* [Directions for this task]:
I need the lines from the one holding "约1分半钟的时候按压气柱,可" to the last line of the data below repeated exactly, both included, without pictures.

··· Provided material ···

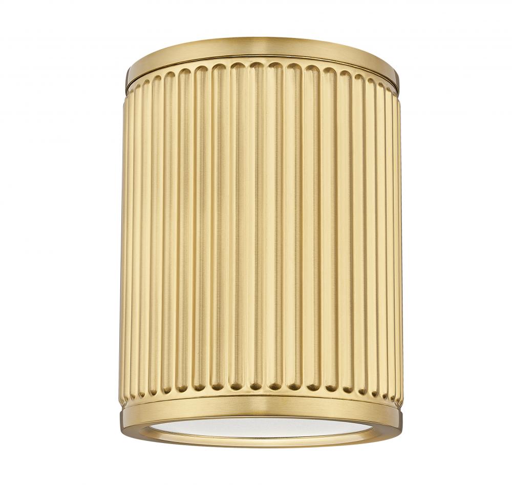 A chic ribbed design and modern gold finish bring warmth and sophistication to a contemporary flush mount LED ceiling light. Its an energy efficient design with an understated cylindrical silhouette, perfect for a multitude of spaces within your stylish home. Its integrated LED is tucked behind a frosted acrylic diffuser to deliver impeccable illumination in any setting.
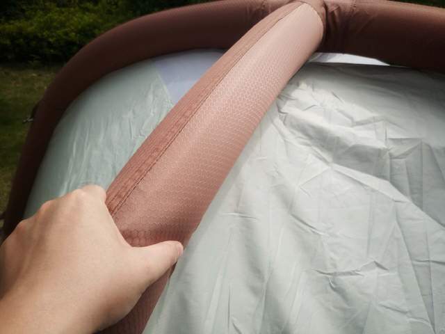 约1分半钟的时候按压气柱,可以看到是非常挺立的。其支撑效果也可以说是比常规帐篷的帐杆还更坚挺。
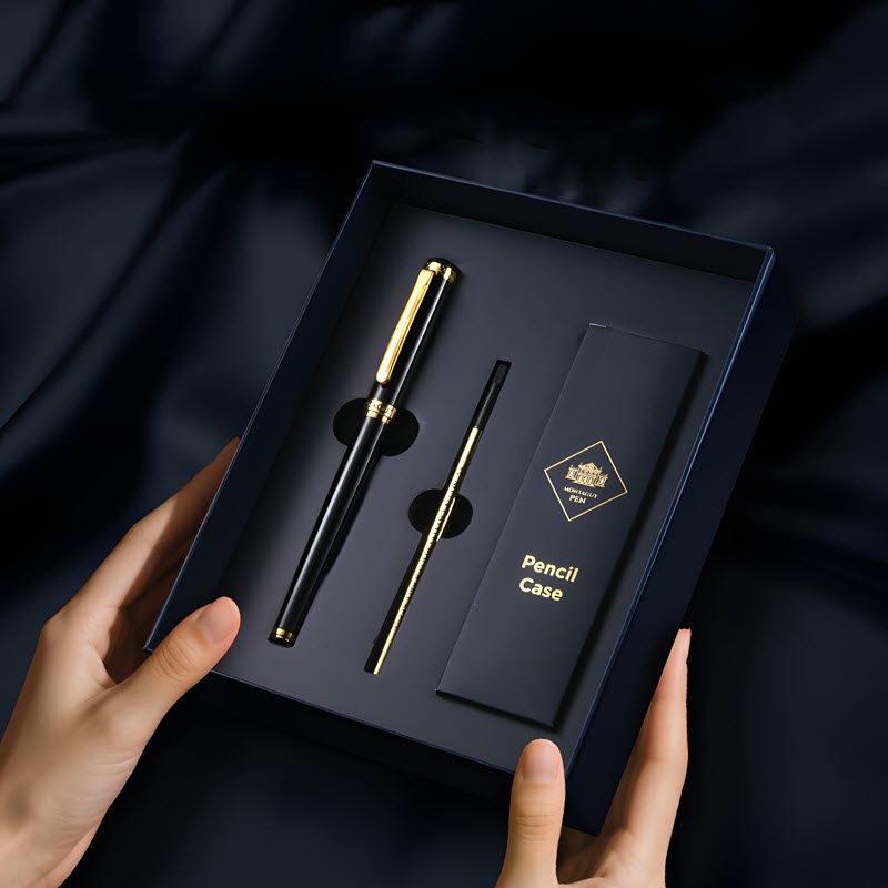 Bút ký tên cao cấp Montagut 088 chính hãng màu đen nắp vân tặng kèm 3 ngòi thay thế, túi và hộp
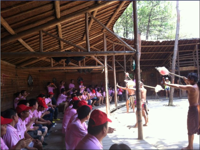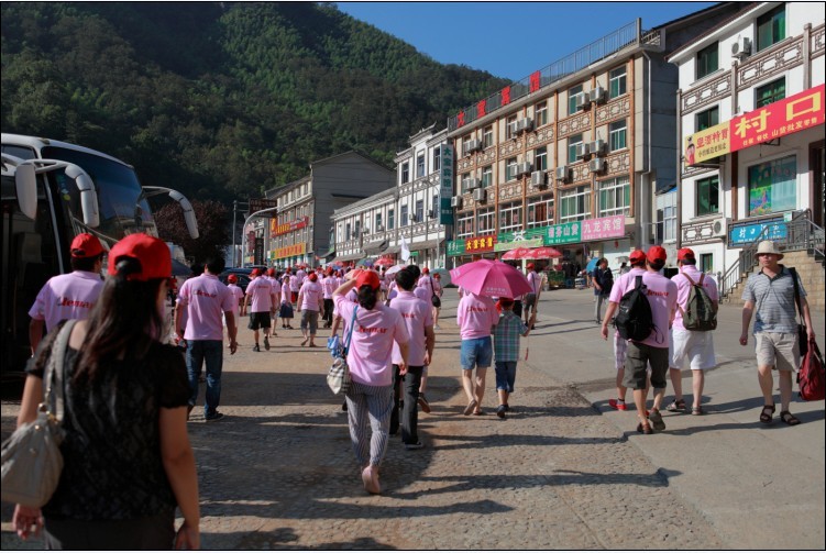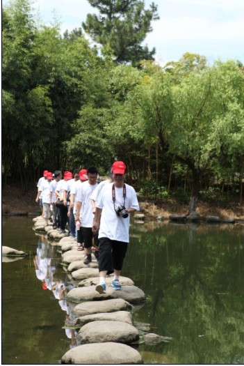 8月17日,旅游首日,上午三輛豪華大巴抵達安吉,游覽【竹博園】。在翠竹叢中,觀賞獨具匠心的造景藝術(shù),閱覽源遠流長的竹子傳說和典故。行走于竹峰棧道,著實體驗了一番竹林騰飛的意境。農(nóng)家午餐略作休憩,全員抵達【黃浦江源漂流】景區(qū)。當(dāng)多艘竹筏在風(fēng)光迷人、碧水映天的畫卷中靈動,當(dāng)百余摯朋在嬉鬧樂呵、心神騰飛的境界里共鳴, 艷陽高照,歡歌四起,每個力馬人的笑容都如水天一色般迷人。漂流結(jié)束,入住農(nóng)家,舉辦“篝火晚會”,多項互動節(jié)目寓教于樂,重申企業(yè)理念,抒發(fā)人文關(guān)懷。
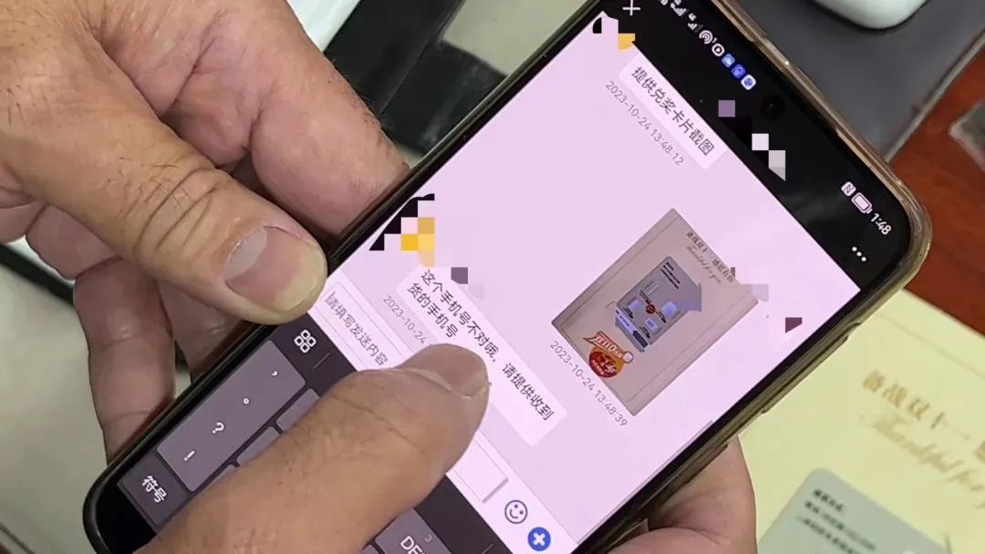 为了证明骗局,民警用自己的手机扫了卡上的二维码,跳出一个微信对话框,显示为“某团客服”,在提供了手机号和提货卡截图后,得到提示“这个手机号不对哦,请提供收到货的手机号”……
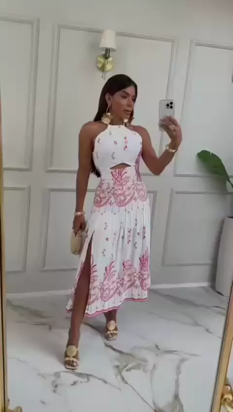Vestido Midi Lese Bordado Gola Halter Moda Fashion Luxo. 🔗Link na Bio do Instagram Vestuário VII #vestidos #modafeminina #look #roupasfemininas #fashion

···

* [Solution to the exercise]:
 约1分半钟的时候按压气柱,可以看到是非常挺立的。其支撑效果也可以说是比常规帐篷的帐杆还更坚挺。
 Bút ký tên cao cấp Montagut 088 chính hãng màu đen nắp vân tặng kèm 3 ngòi thay thế, túi và hộp
 8月17日,旅游首日,上午三輛豪華大巴抵達安吉,游覽【竹博園】。在翠竹叢中,觀賞獨具匠心的造景藝術(shù),閱覽源遠流長的竹子傳說和典故。行走于竹峰棧道,著實體驗了一番竹林騰飛的意境。農(nóng)家午餐略作休憩,全員抵達【黃浦江源漂流】景區(qū)。當(dāng)多艘竹筏在風(fēng)光迷人、碧水映天的畫卷中靈動,當(dāng)百余摯朋在嬉鬧樂呵、心神騰飛的境界里共鳴, 艷陽高照,歡歌四起,每個力馬人的笑容都如水天一色般迷人。漂流結(jié)束,入住農(nóng)家,舉辦“篝火晚會”,多項互動節(jié)目寓教于樂,重申企業(yè)理念,抒發(fā)人文關(guān)懷。
 为了证明骗局,民警用自己的手机扫了卡上的二维码,跳出一个微信对话框,显示为“某团客服”,在提供了手机号和提货卡截图后,得到提示“这个手机号不对哦,请提供收到货的手机号”……
Vestido Midi Lese Bordado Gola Halter Moda Fashion Luxo. 🔗Link na Bio do Instagram Vestuário VII #vestidos #modafeminina #look #roupasfemininas #fashion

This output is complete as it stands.